Exact copy, no pictures: output all the records that follow.

-------- MATERIAL PROVIDED

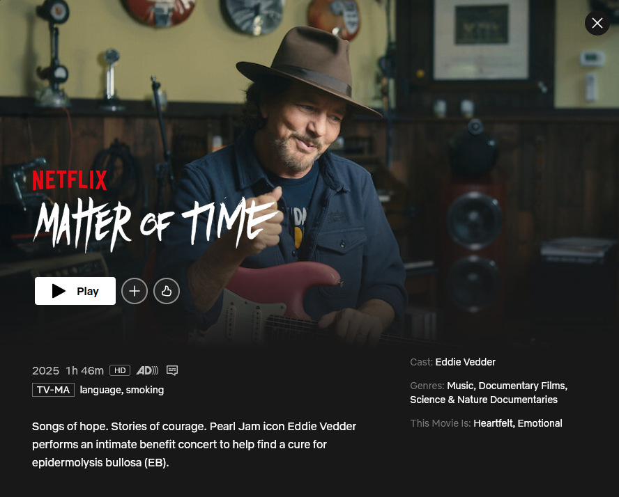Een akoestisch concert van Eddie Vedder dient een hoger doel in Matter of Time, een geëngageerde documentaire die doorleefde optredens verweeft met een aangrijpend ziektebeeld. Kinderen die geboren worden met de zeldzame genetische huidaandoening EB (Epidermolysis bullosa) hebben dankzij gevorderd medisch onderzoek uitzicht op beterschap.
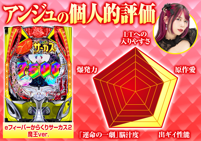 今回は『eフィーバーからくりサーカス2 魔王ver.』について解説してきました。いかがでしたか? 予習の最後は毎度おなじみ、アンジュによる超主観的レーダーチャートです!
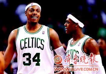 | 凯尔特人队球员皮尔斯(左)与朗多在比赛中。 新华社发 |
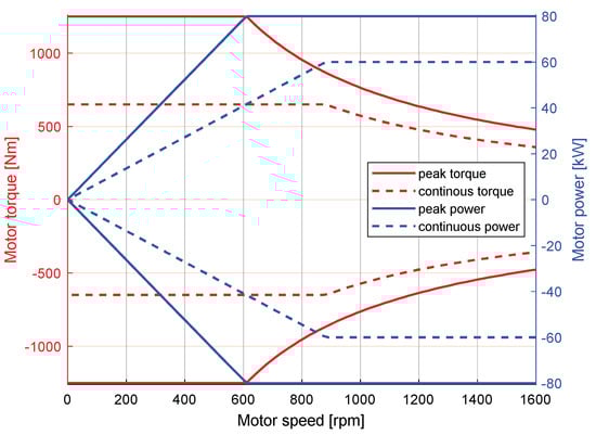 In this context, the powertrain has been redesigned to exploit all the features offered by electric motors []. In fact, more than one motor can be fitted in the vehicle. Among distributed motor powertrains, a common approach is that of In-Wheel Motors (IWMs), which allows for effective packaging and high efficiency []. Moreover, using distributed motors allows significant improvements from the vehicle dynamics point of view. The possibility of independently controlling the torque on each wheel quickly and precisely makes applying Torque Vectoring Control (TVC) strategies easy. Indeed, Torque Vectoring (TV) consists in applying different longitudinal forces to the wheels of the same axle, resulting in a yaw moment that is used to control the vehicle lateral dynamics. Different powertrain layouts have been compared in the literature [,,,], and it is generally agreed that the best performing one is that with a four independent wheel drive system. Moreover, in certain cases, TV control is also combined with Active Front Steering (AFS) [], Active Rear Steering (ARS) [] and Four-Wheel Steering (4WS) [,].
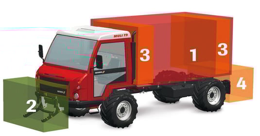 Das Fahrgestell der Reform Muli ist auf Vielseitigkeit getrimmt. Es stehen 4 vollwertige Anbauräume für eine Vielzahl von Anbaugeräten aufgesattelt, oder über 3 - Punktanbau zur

----------------

**TASK ANSWER**
Een akoestisch concert van Eddie Vedder dient een hoger doel in Matter of Time, een geëngageerde documentaire die doorleefde optredens verweeft met een aangrijpend ziektebeeld. Kinderen die geboren worden met de zeldzame genetische huidaandoening EB (Epidermolysis bullosa) hebben dankzij gevorderd medisch onderzoek uitzicht op beterschap.
 今回は『eフィーバーからくりサーカス2 魔王ver.』について解説してきました。いかがでしたか? 予習の最後は毎度おなじみ、アンジュによる超主観的レーダーチャートです!
 | 凯尔特人队球员皮尔斯(左)与朗多在比赛中。 新华社发 |
 In this context, the powertrain has been redesigned to exploit all the features offered by electric motors []. In fact, more than one motor can be fitted in the vehicle. Among distributed motor powertrains, a common approach is that of In-Wheel Motors (IWMs), which allows for effective packaging and high efficiency []. Moreover, using distributed motors allows significant improvements from the vehicle dynamics point of view. The possibility of independently controlling the torque on each wheel quickly and precisely makes applying Torque Vectoring Control (TVC) strategies easy. Indeed, Torque Vectoring (TV) consists in applying different longitudinal forces to the wheels of the same axle, resulting in a yaw moment that is used to control the vehicle lateral dynamics. Different powertrain layouts have been compared in the literature [,,,], and it is generally agreed that the best performing one is that with a four independent wheel drive system. Moreover, in certain cases, TV control is also combined with Active Front Steering (AFS) [], Active Rear Steering (ARS) [] and Four-Wheel Steering (4WS) [,].
 Das Fahrgestell der Reform Muli ist auf Vielseitigkeit getrimmt. Es stehen 4 vollwertige Anbauräume für eine Vielzahl von Anbaugeräten aufgesattelt, oder über 3 - Punktanbau zur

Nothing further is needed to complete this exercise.